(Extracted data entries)
+ + + +

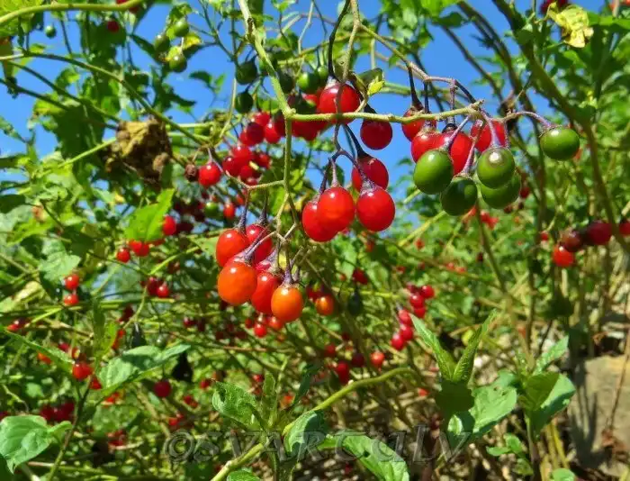 Может показаться, что это ветка томатов черри, однако это паслен сладко-горький. Пробовать его не стоит, поскольку он ядовит и опасен для человека.
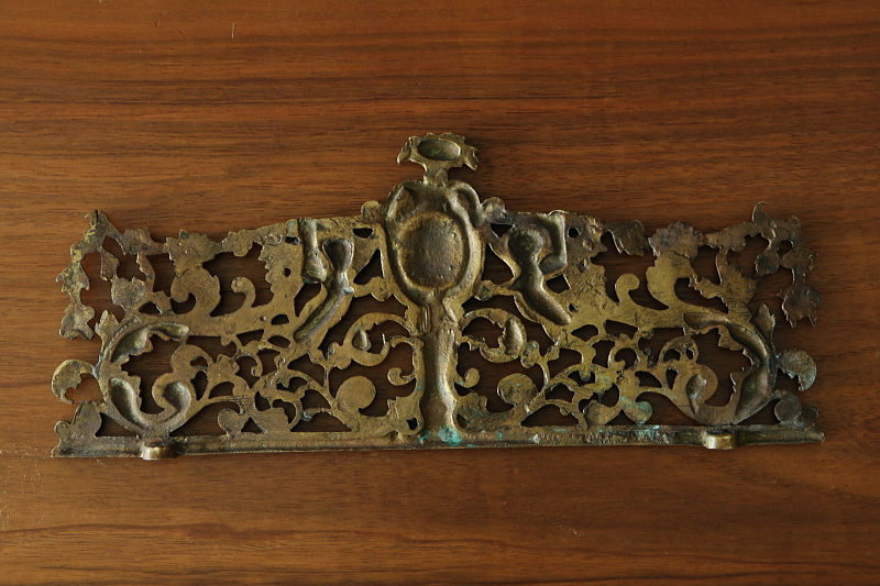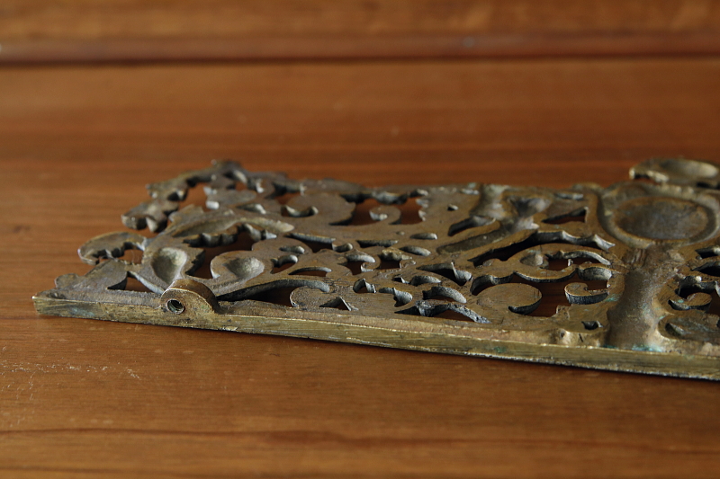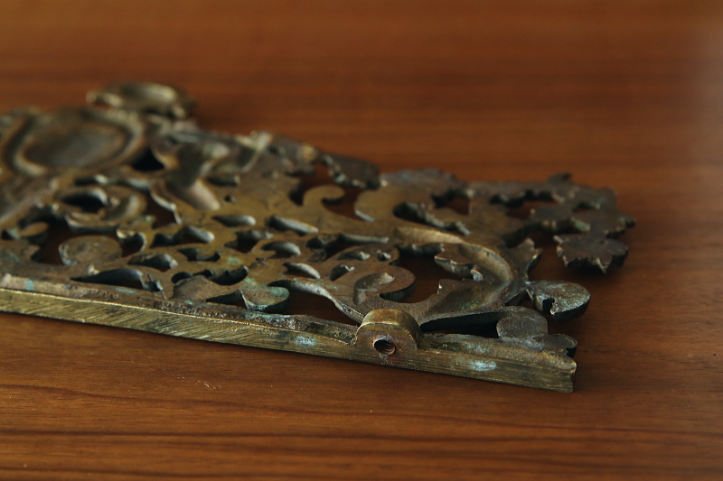 ★A&C15782 天使の真鍮家具飾り W29×H12xm / ¥31,000.-〔税込み〕 送料:宅配便送料無料(3万円以上) ◆ご注文方法はこちら◆ 天上の花唐草の中飛び交い、二人の天使がモノグラムエリアを掲げる、荘厳な輝きのオブジェ。古い真鍮が長い時間の中で、輝きにも深みをまとい、華麗なレリーフをくっきりと浮かび上がらせます。細やかなディテールを透かしで表現した、キャストブラスの贅沢な素材感を味わえる、1900年頃のフランスのちょっと特別な家具飾り。 数ヶ所に折れがありますが、全体の強度に影響はありません。それ以外は全体にきれいなしっかりした状態です。透かしを利用してフックなどに掛けて飾っても良さそう。重みがあるので立てかけて飾っても。 華やかな装飾のカーテンタイバックや家具飾りをご紹介しています。下部のリンクからご覧ください。 |
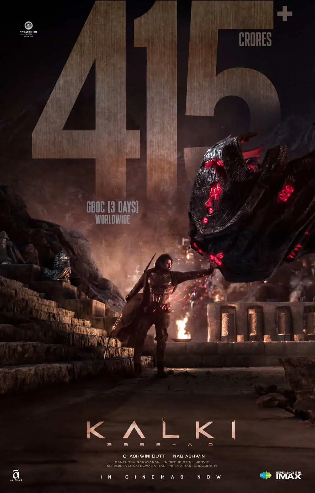 The movie is unstoppable with substantial numbers in domestic and overseas regions. Kalki 2898 AD grossed the Rs 415Cr in just 3 days.
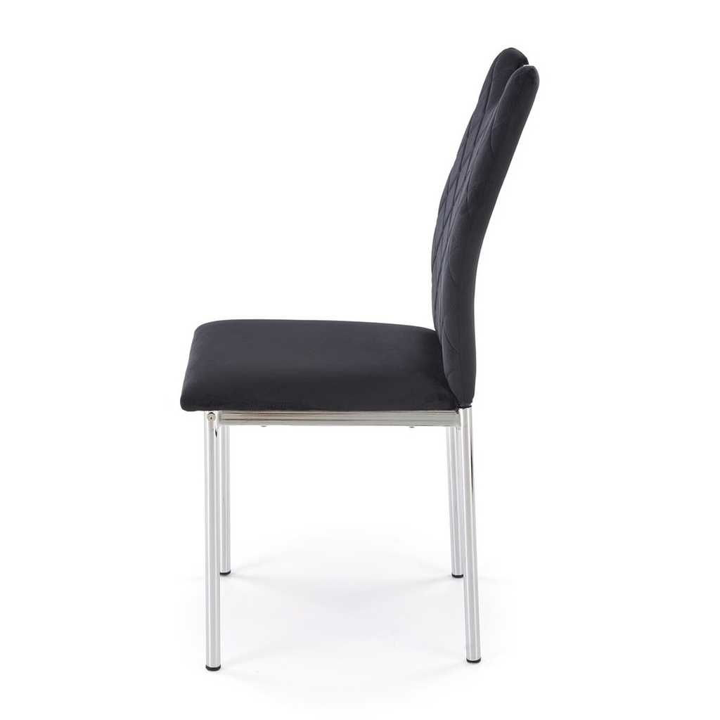 Jídelní židle Liurnia nabízí pohodlí a styl v moderním designu, který se hodí do každé jídelny. Potah z látky sametu zaručuje příjemný a měkký povrch pro dlouhodobé sezení. Konstrukce se stabilní kovovou podnoží zajišťuje pevnost a odolnost židle, přičemž maximální nosnost činí 120 kg.
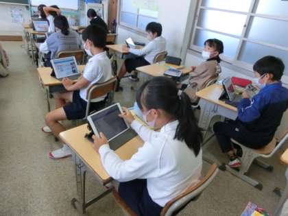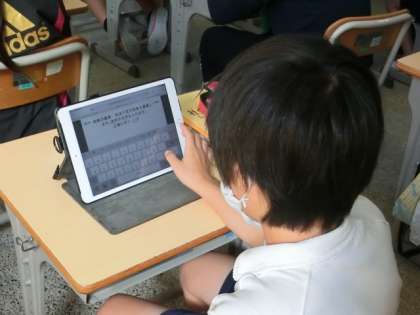 ニュース番組ができるまでの過程を学習していました。タブレットを使って、ノート(記録)をとっています。
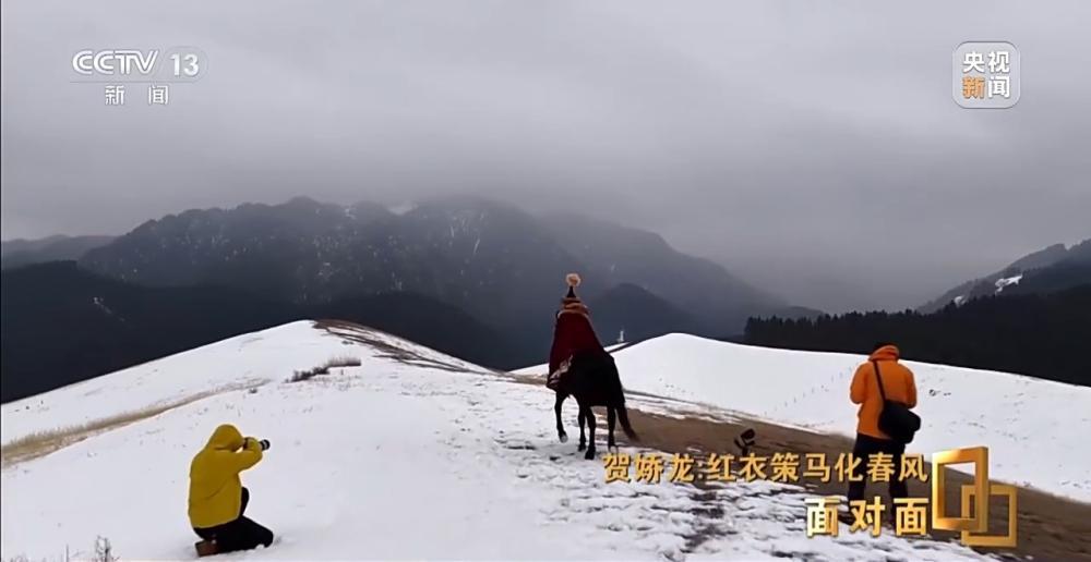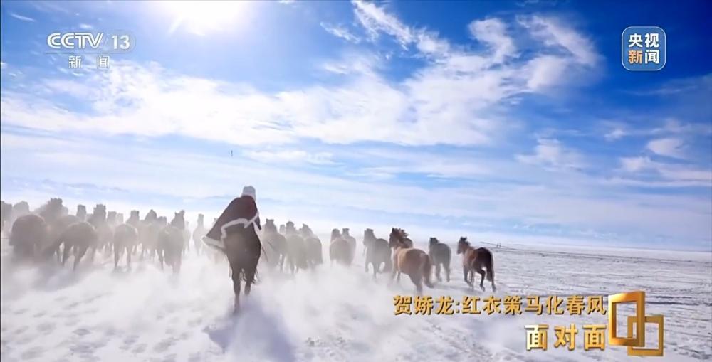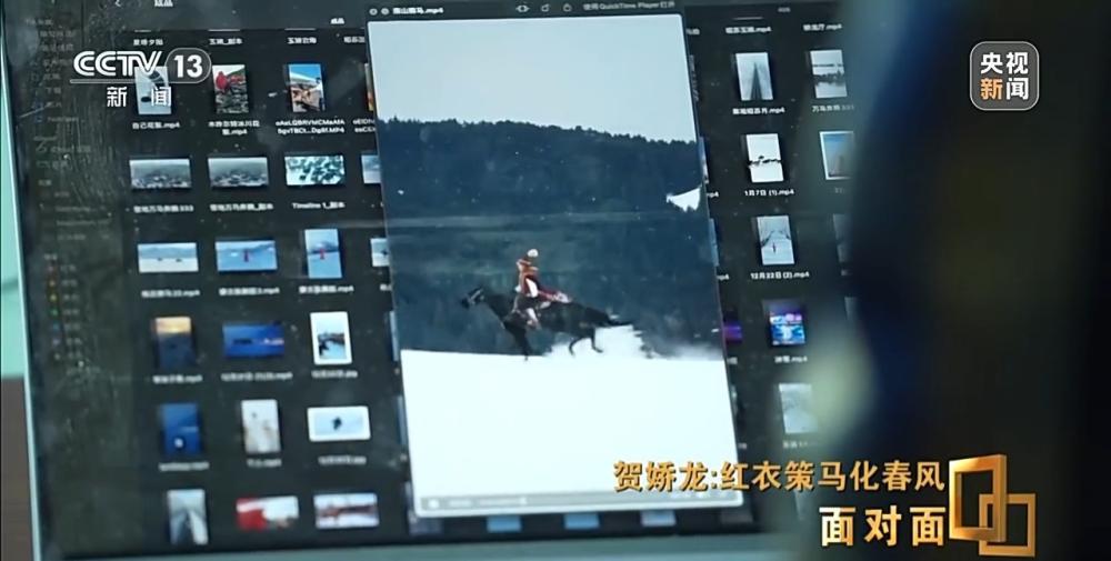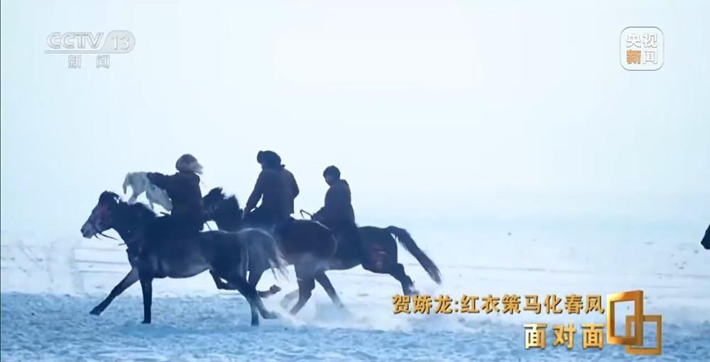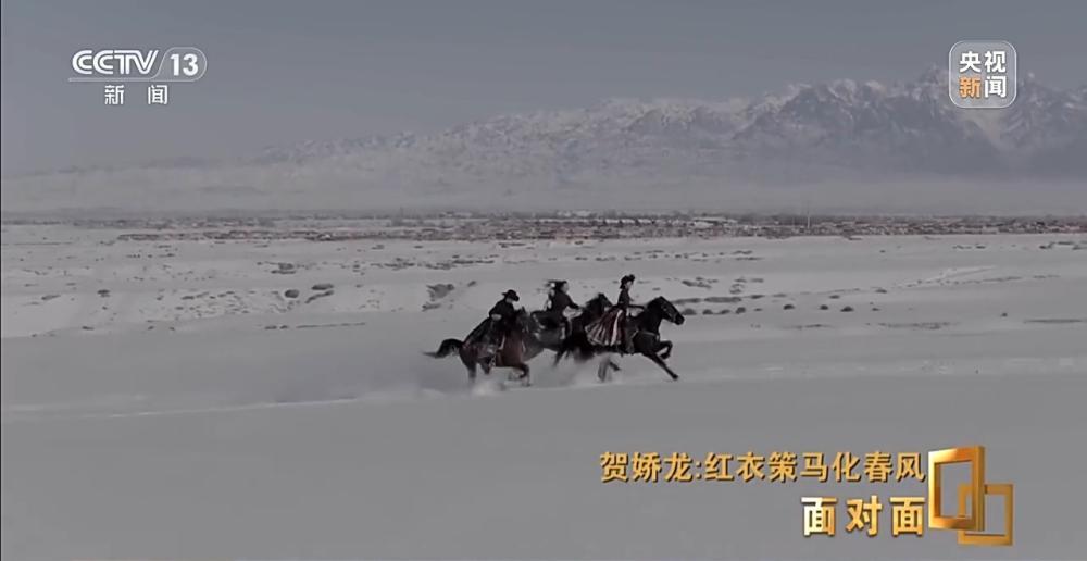 2020年,贺娇龙担任主管旅游的副县长,海沙尔在昭苏县融媒体中心做摄像。“策马雪原”这段视频,是海沙尔第一次为贺娇龙拍摄骑马的视频。

+ + + +

=== What you will do ===
Can you quote exactly, and only, the lines from the one containing "ニュース番組ができるまでの過" through the last line of the records above, keeping both ends and leaving out any pictures?

=== Solution for this task ===
 ニュース番組ができるまでの過程を学習していました。タブレットを使って、ノート(記録)をとっています。
 2020年,贺娇龙担任主管旅游的副县长,海沙尔在昭苏县融媒体中心做摄像。“策马雪原”这段视频,是海沙尔第一次为贺娇龙拍摄骑马的视频。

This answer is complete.